- Directed by: J. Sasikumar
- Written by: S. L. Puram Sadanandan
- Produced by: Balakrishnan Nair
- Starring: Mohanlal Urvashi M. G. Soman T. G. Ravi
- Cinematography: J. Williams
- Edited by: G. Venkittaraman
- Music by: Darsan Raman K. J. Joy (Background Score)
- Production company: Gandhimathi Films
- Distributed by: Gandhimathi Release
- Release date: 18 October 1985;
- Country: India
- Language: Malayalam

= Pathamudayam =

Pathamudayam is a 1985 Indian Malayalam-language action thriller film directed by J. Sasikumar and written by S. L. Puram Sadanandan. It is a remake of the 1976 Hindi film Kalicharan, and the film stars Mohanlal, Urvashi, M. G. Soman and T. G. Ravi; Mohanlal played dual roles (for the first time in a film) as Sub-Inspector Jayamohan and Vikraman. The film features music composed by Darsan Raman.This film is considered to be one of the first blockbusters of Mohanlal.

==Plot==
Menon initially appears to be an honest, rich, and kind-hearted man. However, he is actually the infamous criminal known as "Lion", under whom black-marketing, smuggling and robberies flourish. He keeps his identity well-hidden, making sure no one has an idea about his evil deeds, not even his close friend IG B. G. Menon. Menon is very worried at the sorry state of affairs in the city and state.

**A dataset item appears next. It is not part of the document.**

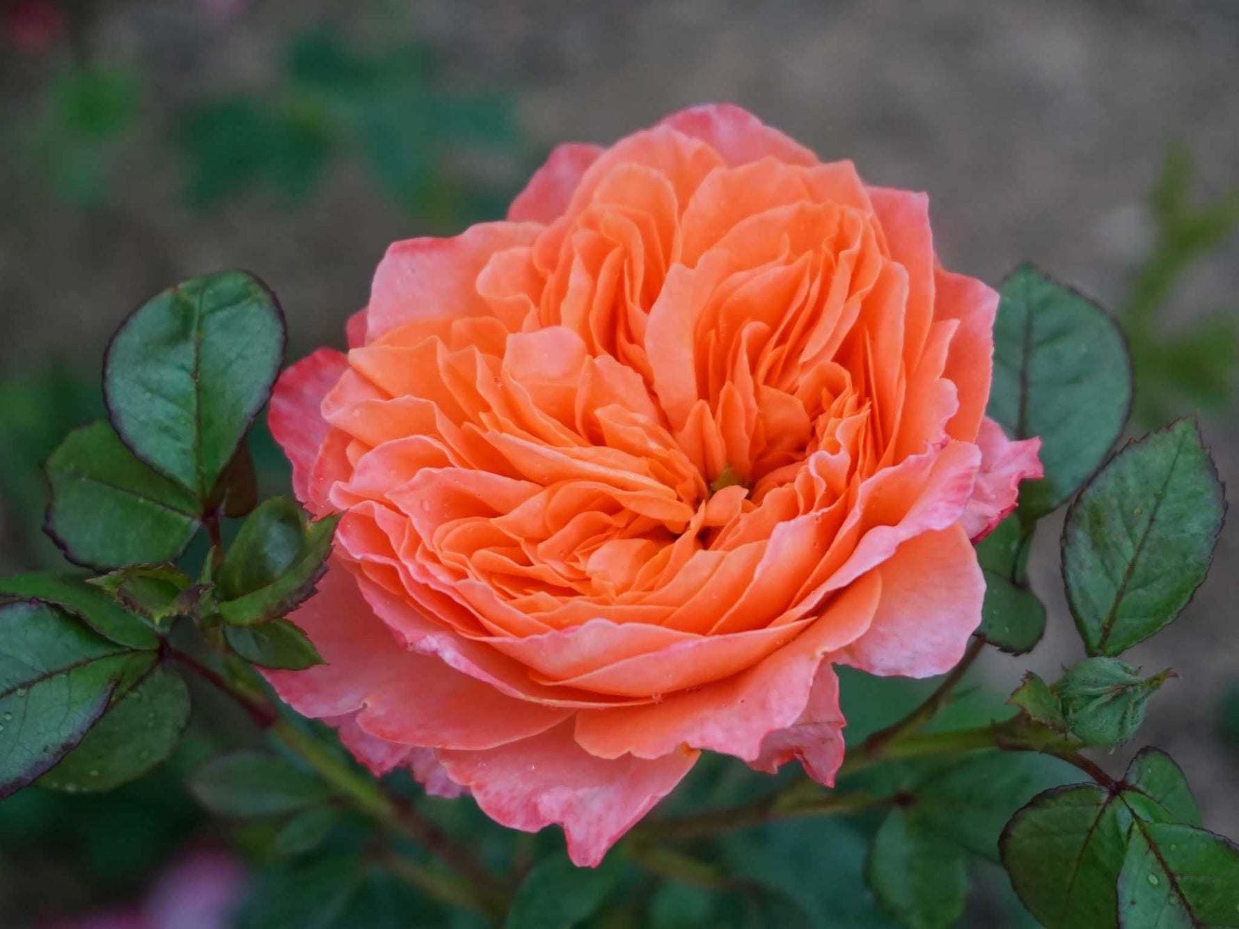 Perfekt gewirbelte, dicht gefüllte, und fein duftende Blüten. Die rein mandarinorangenen Blüten säumt aussen ein rosafarbener "Heiligenschein" der sie besonders hervorhebt. Eine Rose, die buschig und kompakt wächst. Ihr Laub ist hellgrün, glänzend und üppig. Eine dankbare Rose auch für kleinere Plätze und Kübel. Die üppigen großen Blütendolden verlangen regelmäßige Düngung, sonst eher pflegeleichte Sorte.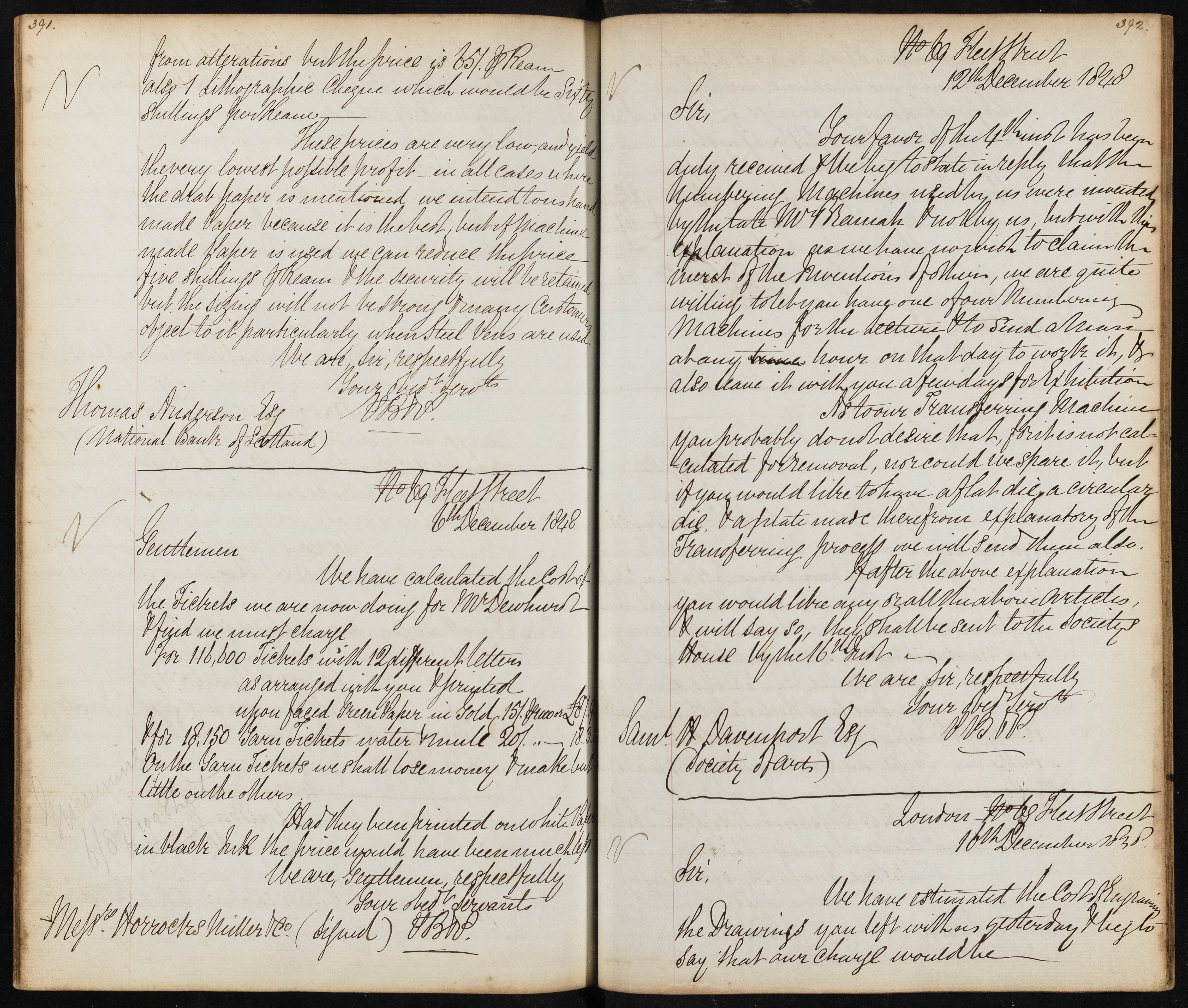 Summary: Thomas Bridgestone discusses pricing related to lithography and paper quality, emphasizing the use of machine-made paper to reduce costs while maintaining security and quality.

The government requests to bring back Inspector Jayamohan to the city as he is an honest and fearless cop. Jayamohan comes to town and starts cracking on the criminals with an iron hand. Jayamohan is the son of IG Menon and is a widower who has two small children. After making substantial raids, Jayamohan learns that Lion C. Menon is a corrupt man and a demon for the society. He plans to spill the beans in front of everyone, but is killed by Lion C. Menon's men. Before dying, he keeps a typical clue for the police to nab the criminal, but nobody is able to understand what the clue says.

Menon is heartbroken and he loses hope in life. Due to a friend he learns that there is a ferocious prisoner Vikraman in a jail who resembles Jayamohan. Menon visits him, but finds him a beastly figure. Still in an attempt to trace the criminal, he gets him released and takes him to a hill station where he attempts to transform him. But Vikrman is a tough nut to crack. However, after some time it is Jayamohan's sister-in-law who wins the heart of the fugitive.

Vikrman was in prison as he had murdered the people who had raped his lover. He was still in search of the main culprit Bhadran. Vikrman makes peace with Menon and slowly but steadily transforms into a police inspector. He manages to win the heart of Valsala and even the kids of Jayamohan accept him as their father. He finds the truth behind Jayamohan's murder and brings Lion C. Menon to the hands of law. In the process, he manages to win friends like Rahim and eliminate his old enemy Bhadran.

==Cast==

- Mohanlal in a dual role as
  - Sub-Inspector Jayamohan
  - Vikraman
- Urvashi as Valsala
- M. G. Soman as Inspector General B. G. Menon IPS
- T. G. Ravi as Lion C. Menon
- Balan K. Nair as Rahim
- K. P. A. C. Azeez as Gopinath
- Poojappura Ravi as Kuttan Pillai
- Aranmula Ponnamma as B. G. Menon's sister
- Chitra as Amminikutty
- Unnimary as Sarada
- C. I. Paul as Bhadran
- Baby Chaithanya

==Soundtrack==
The film features songs composed by Darsan Raman and background score by K. J. Joy.